The clam shack at the end of my ride in Loreto just announced that they won’t be serving clams for the next couple years because people have overfished the local clam population and this moratorium is a Hail Mary hope that the clam population might recover. I ate a lot of those clams. I am part of the problem. We are humans. We leave a mark. The more of us that congregate in a given place, the more of a mark we leave.
I do this because I love riding this stuff, and because I write here, on this website, where people want to read about this stuff. Okay, maybe not “this” stuff, but the fun bike stuff. The people who make this stuff, send it to me because they hope I will say good things about the stuff, and that may in turn induce some of you to buy more stuff. This is why we are referred to increasingly as “consumers” instead of “citizens.” I consumed those clams. I consume these bicycles.
This website, meanwhile, would not exist if not for massive server farms humming somewhere over the horizon, usually placed near a convenient source of energy like a hydro-power plant or a coal-fired generator. Because the server farms need a LOT of energy to process all those ones and zeroes. And we down those ones and zeroes like drunks near closing time. By “we”, I mean this website, all the websites like it, all the websites everywhere, and all of you staring at glowing screens reading these words, other words, scrolling through pictures of bikes, crash reels, videos of cats, and TED talks about the interconnectedness of tree roots and mycelium networks.
It should also be observed that this website is something of a meta-sanctuary with regard to consumerism and mountain biking. The readership here does not reflexively cleave to bro-titlement, and we don't spend all our editorial time knob-polishing the newest, shiniest, most consumptive toys just for the sake of the fawning. We talk about cost and consequence. We ask difficult questions of ourselves and others, even if we don't have answers.
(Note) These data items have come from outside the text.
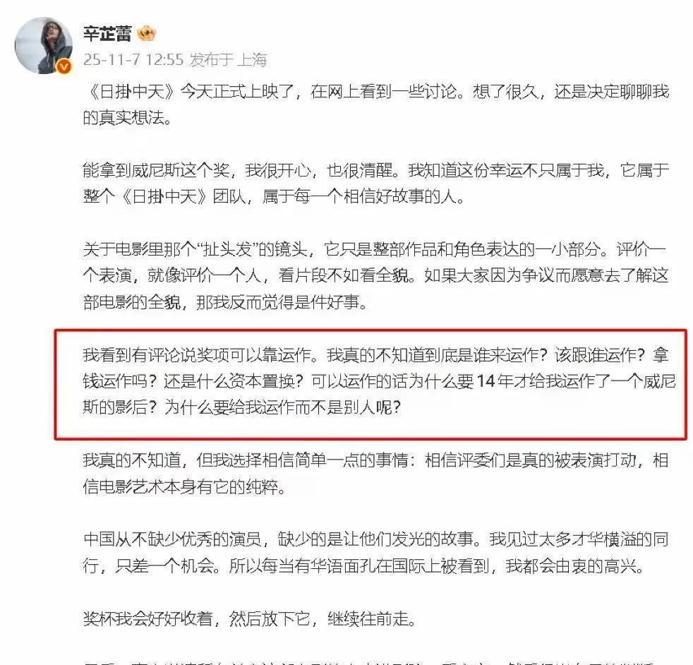比如说拿钱买奖、评委没有真本事之类的话都说得挺拐弯抹角,唯独有一句特别直白,就是说辛芷蕾在威尼斯拿影后没有什么含金量。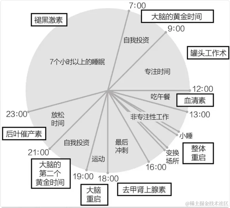 专注的黄金时间,大约在6-7点。适合理论性强的工作,但是需要提升自己的专注力。提升这个阶段的专注力方式有:适当的休息、远离杂念和时间限制。专注的时候其实涉及到两种激素:甲肾上腺素+多巴胺。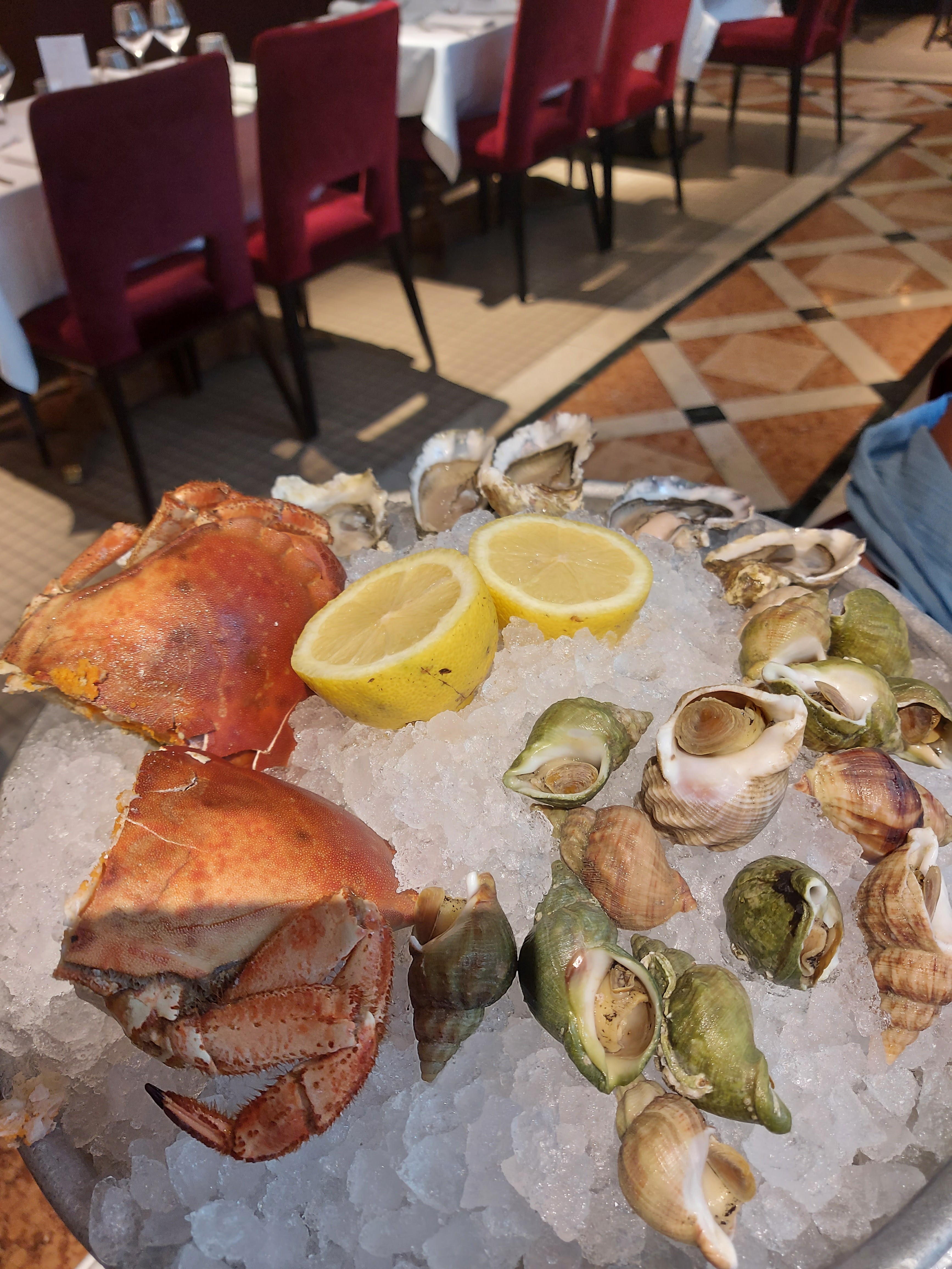 Nous y avons pris un plateau de fruits de mer prestige. Tous les produits nous ont semblé frais et c'était vraiment très bon. Brasserie et service a la Française qu'on ne trouve plus que difficilement , comme ce flambée de la crêpe sucette devant le client c'est vraiment top. Enfin le cadre est vraiment sympa d'une vieille brasserie a l'ancienne jusqu'a la tenue des serveurs impeccable. On recommande et nous y retournerons surement.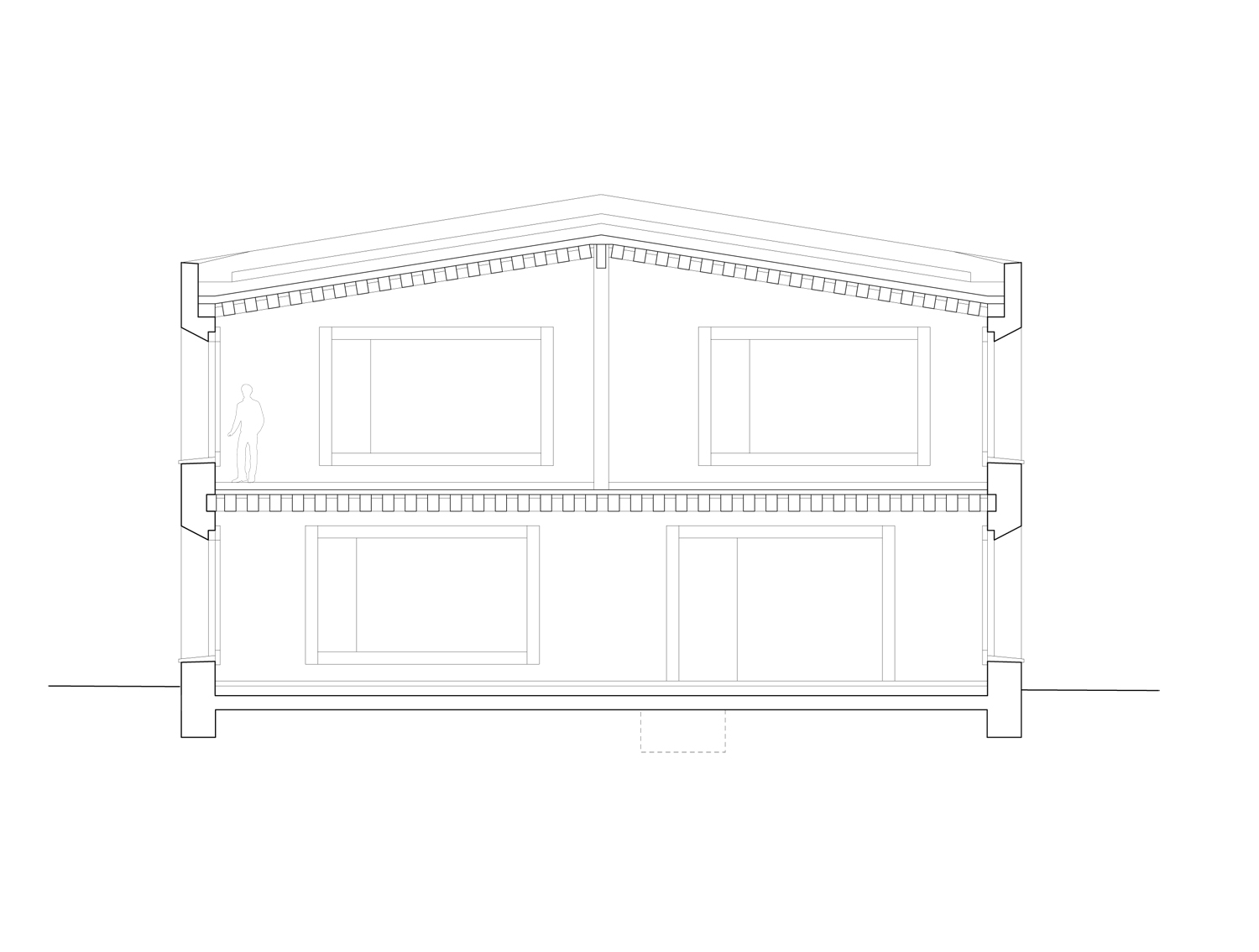 Le système constructif s'inspire des maisons villageoises et des fermes. Il comprend une structure verticale monolithique en béton isolant. Les dalles et les toitures sont en bois ou mixtes. Les murs sont massifs, percés de grandes ouvertures habillées par des fenêtres en bois. Les façades sont recouvertes de crépi.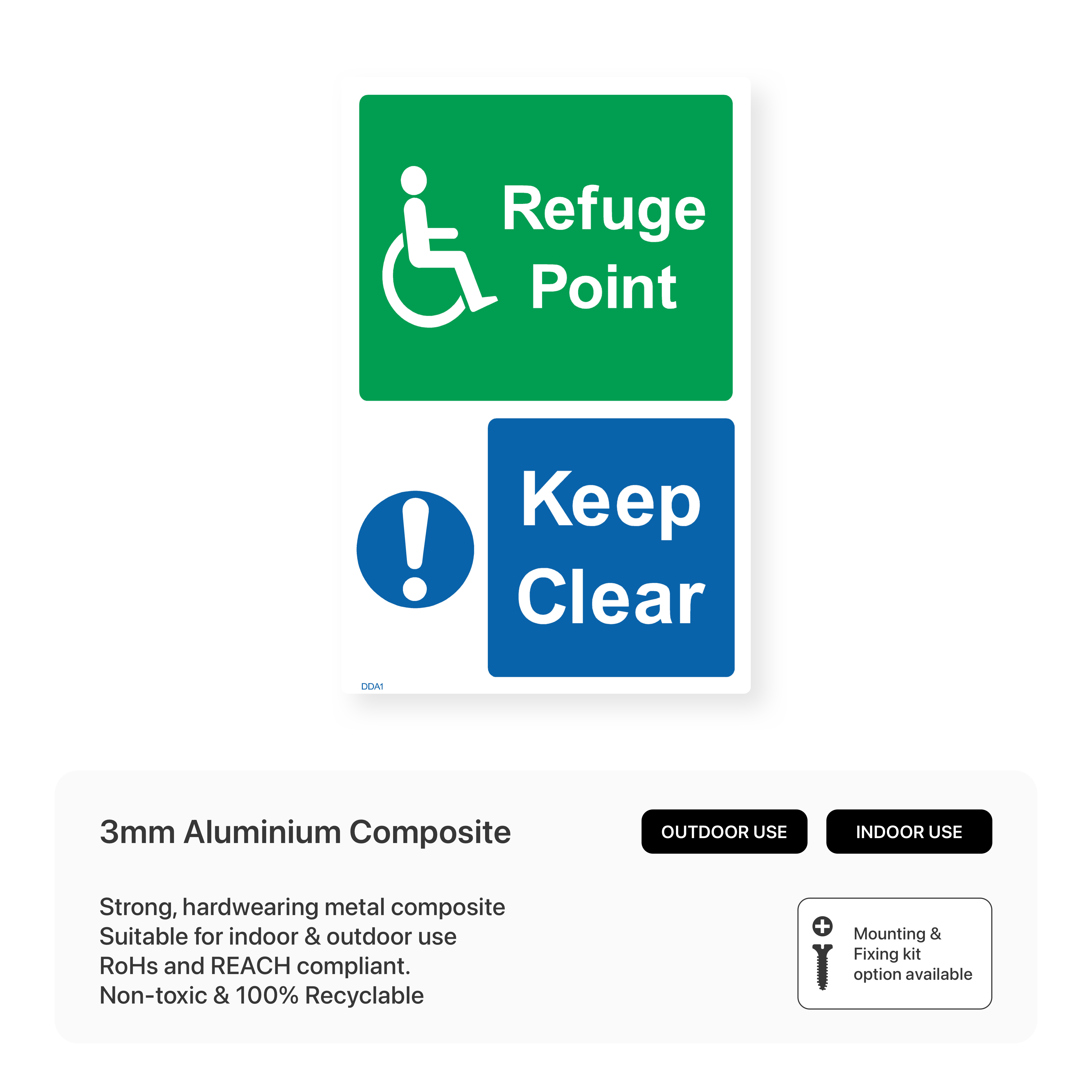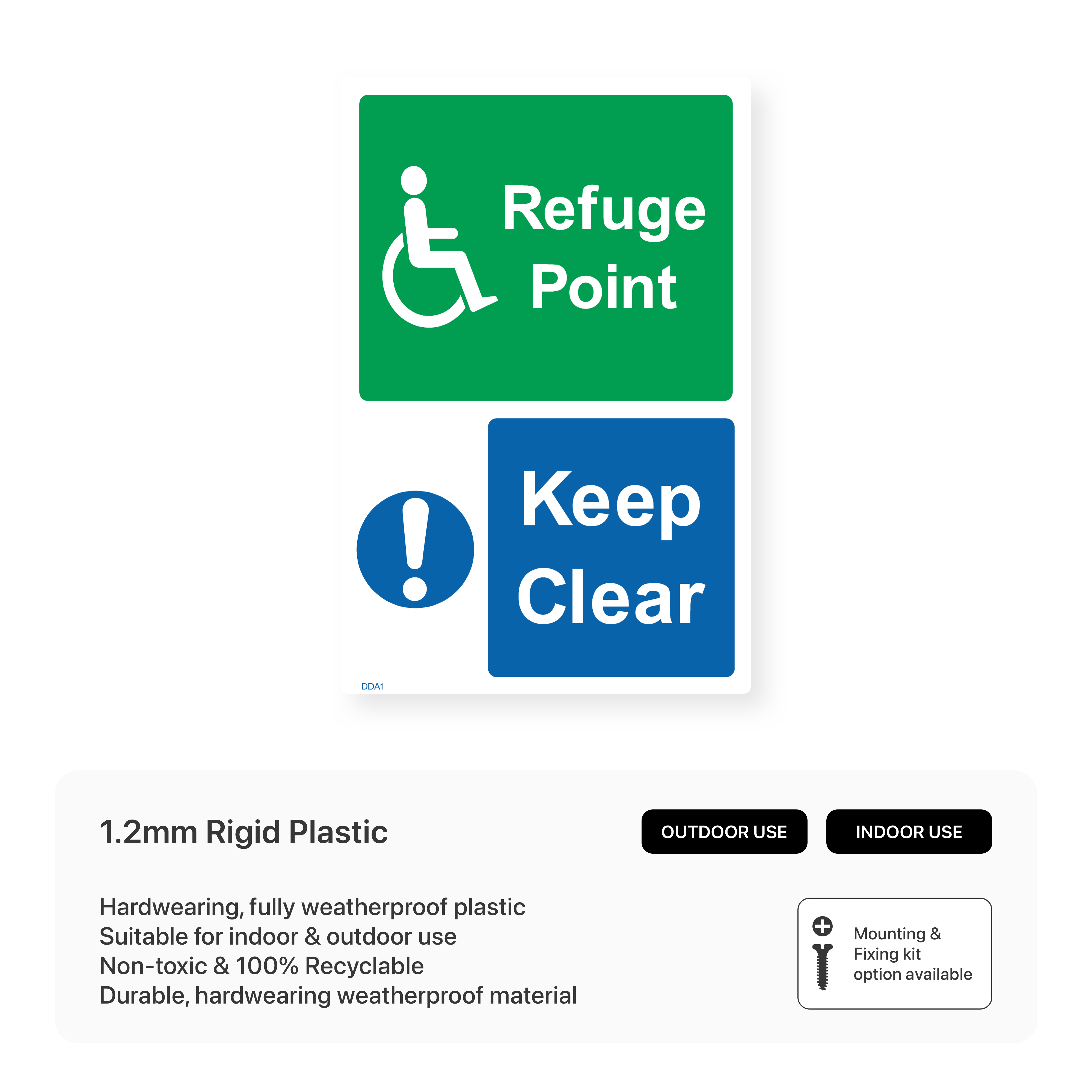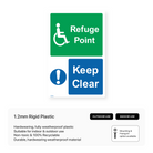 Ensure safe evacuation for everyone with our "Refuge Point - Keep clear" sign. Clearly mark designated refuge areas and maintain clear access for individuals seeking safety during emergencies.

There are days when I can almost pretend there isn't any dark writing on the wall, that Everything Is Going To Be Okay, and that we can party on the way we always have, that our children will too, that their children and their children’s children will get to enjoy fresh air, loamy booters and lots of chocolate clams forever. But increasingly, I feel like we are going to be handing down a legacy of cataclysmic violence and an ash-choked end game, and it is going to happen sooner than I want to admit. It won’t be caused by us choosing to play around in the woods on our bikes. But playing around in the woods on our bikes won’t do anything to pump the cosmic brakes on when or how it comes to pass, either.
Ahhhh, lookit me. I’m rambling again. Sort of like The Stranger’s monologue at the end of The Big Lebowski, stuck without an ending. I am brim full of worry, gaseous with judgment, and I have no answers. May as well go for a ride. I will savor every second of it, even the uncomfortable bits. It could always be worse. The dude abides.